Les gestes de Jiang Zao étaient très légers, ses mains douces et légèrement fraîches glissaient dans les cheveux de Fu Yanci, et quand elles effleuraient son cuir chevelu, cela lui procurait par vagues des frissons.

On dirait que quelque chose recommençait à devenir indiscipliné.

« Ça, femme, c'est déjà sec, j'ai super sommeil. » Il fit mine de bâiller et plongea sous la couette d'un trait, « Ce soir A-Ci n'a pas besoin d'histoire pour s'endormir, A-Ci peut s'endormir tout seul. »

Heureusement, il avait été assez vite et sa femme ne l'avait pas vu.

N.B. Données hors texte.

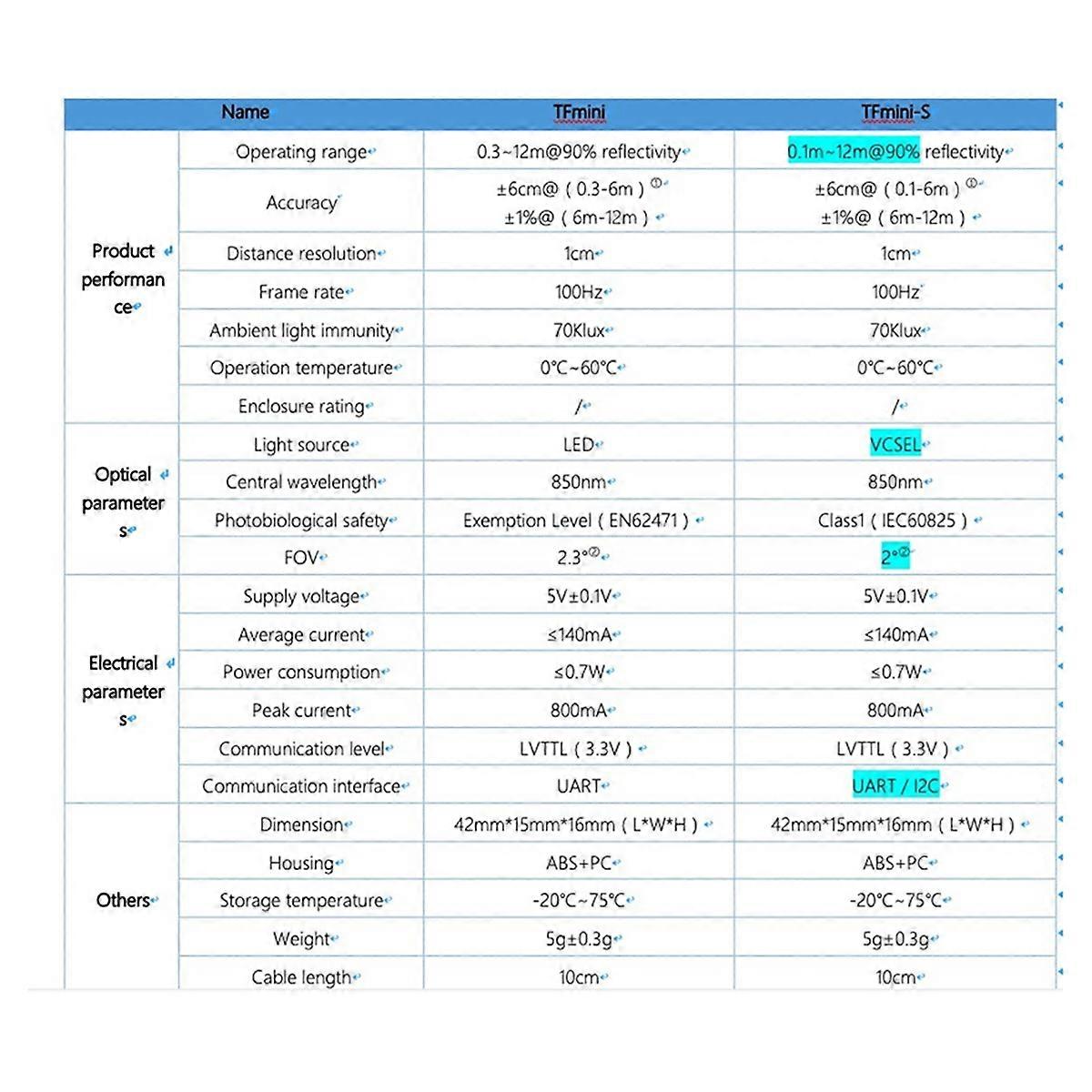 TFmini-S Lidar Single-Point Micro-Type RangingFinder Module for 4.5-6V UART I2C Interface TFminiUpgraded
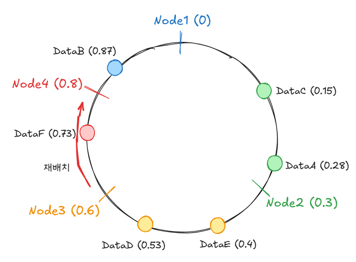 그럼 반대로 Node가 추가되는 상황을 생각해보자. Node 4(0.8) 이 추가되었다. 그럼 일반 hash를 사용할 때의 문제처럼 모든 데이터들이 재배치되어야할까? 그림을 보면 알 수 있듯, 아니다! 이번에도 마찬가지로 특정 데이터들만 재배치되면 된다. 여기서는 새로 추가되는 Node의 hash값 이하 범위들의 데이터들만 재배치 되면 된다.
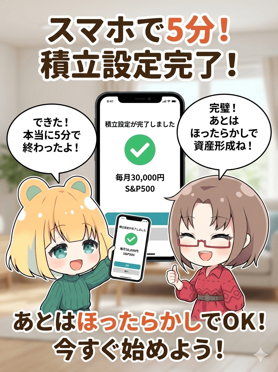 投資でいちばん損するのは『良い話を読んで満足して、何も始めないこと』です。市場は待ってくれません。口座開設だけ先に終わらせて、あとで積立設定でOK。

Il ferma les yeux hermétiquement, réfléchit un moment, puis saisit l'ourson à fraises à côté de lui et le serra.

Il fallait jouer le jeu jusqu'au bout.

Même s'il n'aimait pas vraiment cet ours rose, il pouvait encore faire semblant.

Jiang Zao ne put s'empêcher de se sentir comblée.

Peut-être que le doyen Chu avait raison, A-Ci allait vraiment mieux petit à petit, et son esprit était définitivement plus âgé que trois ou quatre ans maintenant.

Il allait déjà dormir tout seul.

C'était un bon signe.

Se retournant, Jiang Zao emporta son portable au bureau.

Elle avait encore beaucoup de choses à faire.

Elle ne s'attendait pas à ce que Xia Chuwei soit libérée.

Et après cet épisode, il était évident que Xia Chuwei était plus calme qu'avant.

Peut-être qu'elle allait vraiment se poser et bien exploiter les avantages de sa vie précédente, puis sortir autre chose.

Elle devait se prémunir contre tout ça.

Au même moment, dans la chambre, Fu Yanci, qui faisait semblant de dormir, prit son téléphone et envoya un message WeChat à Allen.

【 Trouve quelqu'un pour surveiller Xia Chuwei, 24h/24 sans interruption. 】

Xia Chuwei, comme sa femme, était aussi une réincarnée. Elle était imprudente avant, donc rien à craindre.

Mais depuis sa sortie du commissariat cette fois, Xia Chuwei a manifestement beaucoup changé, et peut devenir une variable. Pour la sécurité de sa femme, il doit s'en prémunir.